PROTEMPA’s temporal abstraction primitives and abstraction definitions are managed in knowledge bases separate from the abstraction-processing environment, to allow their convenient creation and modification. Primitives may employ algorithms that are fully specified (“hard coded”), or that receive arguments. The latter supports the use of “template” algorithms that can be configured to identify general types of data sequence patterns (e.g., state, trend, peak, trough, frequency) with desired specific characteristics. Primitives may be written to target relatively short intervals, similar to primitives in other systems, 40 but may also process longer data sequences. Theoretically, the algorithms may be of arbitrary complexity and may be implemented in any programming language, as long as an appropriate runtime environment is provided by the Algorithm Source backend (▶). We used the R statistical processing environment in our proof-of-concept, but other interpreted or compiled programming environments suitable for statistical, scientific or modeling applications (e.g., Mathematica, Matlab, Python and Ruby) could be implemented similarly via the Algorithm Source backend using existing connectors. 53–57
New temporal abstraction primitives are defined by storing an algorithm and a listing of its parameters in a knowledge base record in the Algorithm Source backend. Low- and high-level abstractions (▶A) are defined by creating entries in the Knowledge Source knowledge base with duration parameters and the identity of a primitive with appropriate arguments (low-level) or a set of interval types and their relationships (high-level). Currently, these definitions are created directly within PROTEMPA’s knowledge bases. Future development will include end-user interfaces for defining primitives and abstractions (see further discussion below). With such interfaces, statisticians or others familiar with the locally-implemented run-time environment could develop or modify primitives, and researchers and other domain experts could use these primitives and existing abstraction definitions to specify new abstractions. Thus PROTEMPA’s design supports the notion of a library of primitive and abstraction definitions, implemented in our proof-of-concept as Protégé knowledge bases, which is modifiable and extensible by users. Because abstractions refer to PROTEMPA’s internal data model (▶) rather than site-specific database terminology, schema and connection details, abstraction libraries should be portable between PROTEMPA deployments that implement similar knowledge bases. PROTEMPA’s support for an extensible and portable library of primitives and abstractions appears to be unique among reported temporal abstraction systems.

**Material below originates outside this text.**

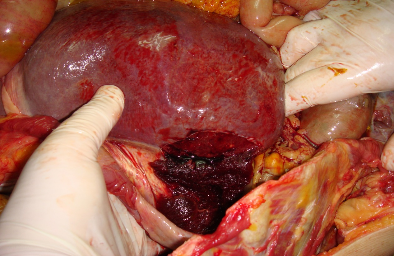 При лапароскопии – кровь. На операции в брюшной полости более 2 литров крови и сгустков. Имеется неполный отрыв левой доли печени по междолевой борозде с продолжающимся кровотечением. Разрыв продолжается на висцеральную поверхность правой доли. Разрыв глубокий, до 8 см с размозжением ткани в нем. Отрыв желчного пузыря от ложа. Диагноз: закрытая травма живота. Отрыв левой доли печени. Разрывы и размозжения печени IV степени. Внутрибрюшное кровотечение. Забрюшинная гематома. Геморрагический шок 3-й ст. Алкогольное опьянение.

Abstraction of the details of the local environment by the Data Source backend also supports portability of the PROTEMPA framework across different data sources. Currently, deploying PROTEMPA in a local environment requires creating a site-specific Data Source backend that 1) incorporates local terminology into its terminology translation table, 2) adds any necessary data-conversion methods (e.g., unit conversion), and 3) implements appropriate SQL calls to the local clinical data store to retrieve data for processing. Installations will also provide a front end that calls the Abstraction Finder API with the desired abstraction retrieval requests, and implements any necessary post-processing steps. Once the site-specific install is complete, temporal primitive and abstraction definitions are entered or imported into the Algorithm and Knowledge Source backends. Future development of PROTEMPA is intended to provide a default (but replaceable) front end that offers query creation and results review capabilities. Because data sources for clinical research currently use a variety of terminologies and data models, manually mapping local environments to PROTEMPA’s internal model through a backend adapter is necessary for portability. Standardization of terminologies and data models in the future may allow pre-built backends to provide more of the necessary mappings a priori, and decrease the requirement for site-specific work. Using a back end developed as above, PROTEMPA was previously deployed at the University of Pittsburgh Medical Center for detecting quality assurance problems in clinical laboratory testing. 58 Other systems use analogous techniques for portability: IDAN 34 provides a generic data model and a pluggable database access module, and Chronus II 16 may be deployed against an intermediate abstract database representation for portability as described above. DXtractor 15 and the Arden Syntax 20 are less portable because some details of the underlying local database schema and terminology are incorporated into their queries.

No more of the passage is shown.